What to do → Exact copy, no pictures: return only the lines below from the line with "шкуры светло - серой" up to and including the line with "12 Pairs Ladies".

Data records →

--

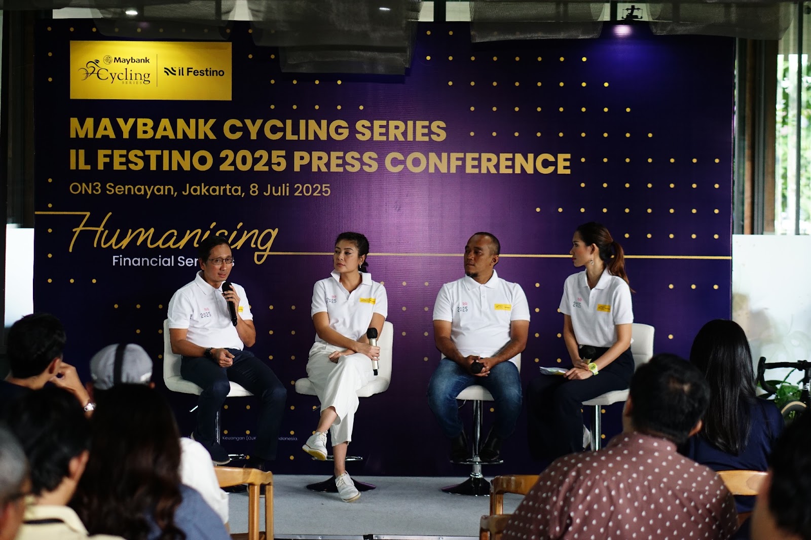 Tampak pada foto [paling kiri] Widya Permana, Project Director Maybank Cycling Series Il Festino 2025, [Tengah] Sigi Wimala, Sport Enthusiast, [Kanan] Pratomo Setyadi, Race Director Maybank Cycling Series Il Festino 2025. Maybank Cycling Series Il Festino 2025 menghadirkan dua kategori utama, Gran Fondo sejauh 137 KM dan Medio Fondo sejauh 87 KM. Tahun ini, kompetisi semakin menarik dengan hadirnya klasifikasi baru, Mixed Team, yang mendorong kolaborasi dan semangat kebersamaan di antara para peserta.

--

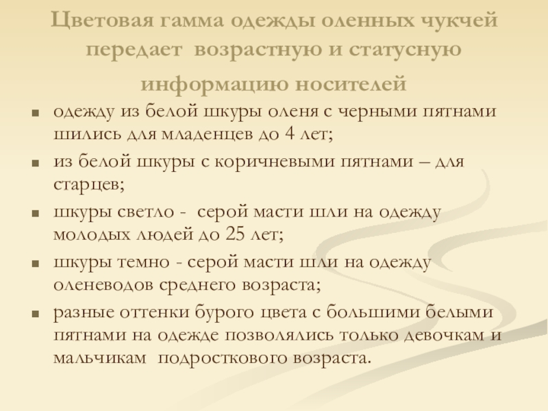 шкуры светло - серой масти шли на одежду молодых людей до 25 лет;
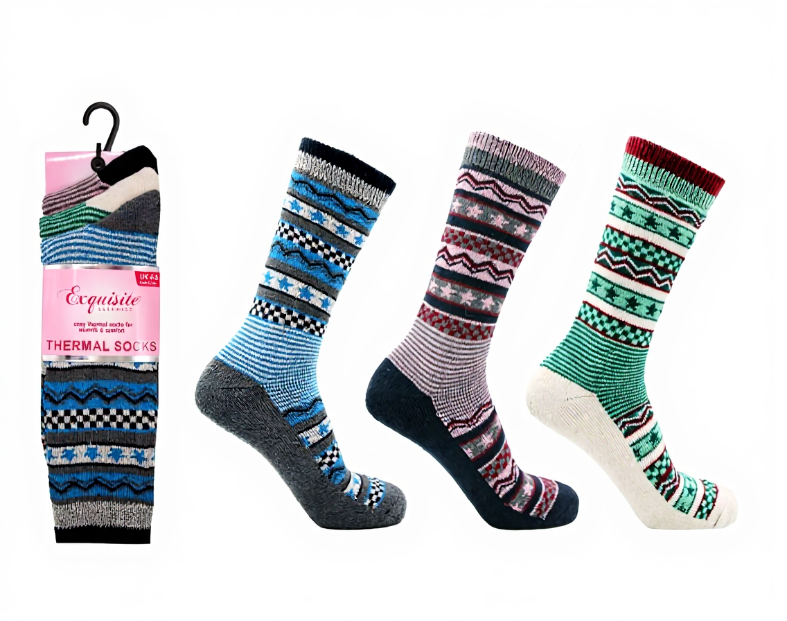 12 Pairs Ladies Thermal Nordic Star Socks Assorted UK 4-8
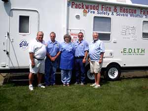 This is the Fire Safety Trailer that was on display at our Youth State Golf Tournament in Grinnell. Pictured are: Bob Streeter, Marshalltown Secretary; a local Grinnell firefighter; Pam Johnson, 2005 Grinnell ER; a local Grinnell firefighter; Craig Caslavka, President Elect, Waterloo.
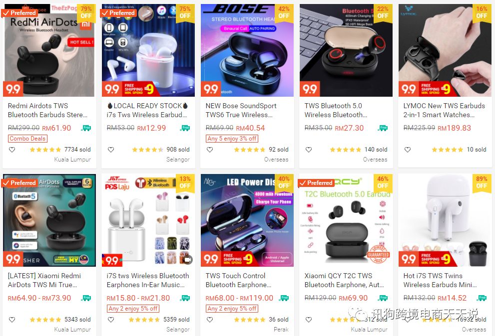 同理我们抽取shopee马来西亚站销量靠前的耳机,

--

Result for this exercise →
 шкуры светло - серой масти шли на одежду молодых людей до 25 лет;
 12 Pairs Ladies Thermal Nordic Star Socks Assorted UK 4-8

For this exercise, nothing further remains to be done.